L’étude De Hybride Kunstenaar7 examine de près trois groupes d’anciens étudiants d’écoles supérieures d’arts plastiques en Flandre et aux Pays-Bas. Il ressort des résultats que pas moins de 86 % des anciens étudiants combinent des formes artistiques autonomes et appliquées (activités dans le design, commandes artistiques, travaux d’illustration, enseignement). Nous avons déjà fait allusion, dans les lignes qui précèdent, au discours économique basé sur le travail par projet, qui est une forme de travail très présente dans le secteur artistique et créatif ; les compétences en communication, l’entreprenariat, le sens des responsabilités, la réflexion critique et la capacité à concilier valeurs artistiques et impératifs économiques gagneront de plus en plus en importance, à côté de l’activité artistique autonome ; l’étude L’artiste, un entrepreneur ?, publiée par SMart en 2011, porte sur cette matière.

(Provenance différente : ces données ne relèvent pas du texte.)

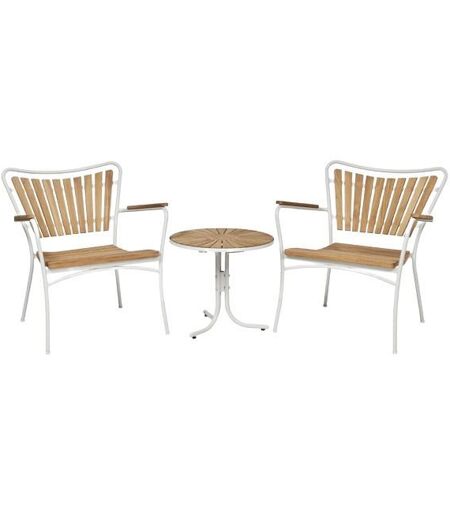 Mandalay Marguerit Loungebord Ø50 cm Inkl. 2 Loungestole Havemøbelsæt - Hvid/Teak

2. L’artiste : précaire, mais authentique
La réalité du secteur artistique et créatif est précaire : non seulement les possibilités d’emploi, mais aussi la production d’œuvres d’art (sous quelque forme que ce soit) sont incertaines étant donné que leur originalité esthétique n’est pas mesurable à l’aune de critères uniformes. Pourtant, cette précarité peut être considérée comme un facteur potentiel de succès. En effet, l’incertitude engendre l’innovation et, en cela, elle favorise la recherche de l’originalité. « C’est ce qui confère à la compétition une indétermination suffisante pour que le nombre d’aspirants artistes dépasse de beaucoup celui qui serait atteint si une anticipation parfaitement rationnelle des probabilités de succès était à leur portée8. »

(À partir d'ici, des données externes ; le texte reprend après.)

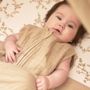 De babyslaapzak is gemaakt van 100% pre-washed hydrofiel katoen en daardoor perfect voor het gebruik tijdens de warmere zomerdagen en -nachten. Het hydrofiel katoen ademt namelijk zeer goed, heeft een uitstekende vochtopname en droogt zeer snel. Zo blijft het slaapklimaat van je kleintje tijdens de warme dagen en nachten op een perfecte temperatuur, zonder dat hij of zij het te warm krijgt.

Une telle course à l’originalité s’exprime logiquement par une recherche d’authenticité et de reconnaissance. L’authenticité artistique, c’est-à-dire la possibilité de faire des choix qui permettent de façonner sa vie personnelle, offre à l’artiste et au travailleur de la création l’occasion de construire leur propre identité. Cette « personnalisation » de l’œuvre et de la vie avait très bien été comprise par certains « grands », tels que Duchamps, Dali et Van Gogh, qui avaient chacun leur vie et leur personnalité propres. Ceux qui occupent les « degrés inférieurs de la pyramide » doivent eux aussi participer à cette course à l’innovation en contestant les modèles existants et en espérant devenir ensuite eux-mêmes un modèle. Le fait de pouvoir et d’oser prendre des risques est donc incontestablement un élément inhérent à la réalité des artistes et des travailleurs de la création, ainsi qu’à leurs chances de succès.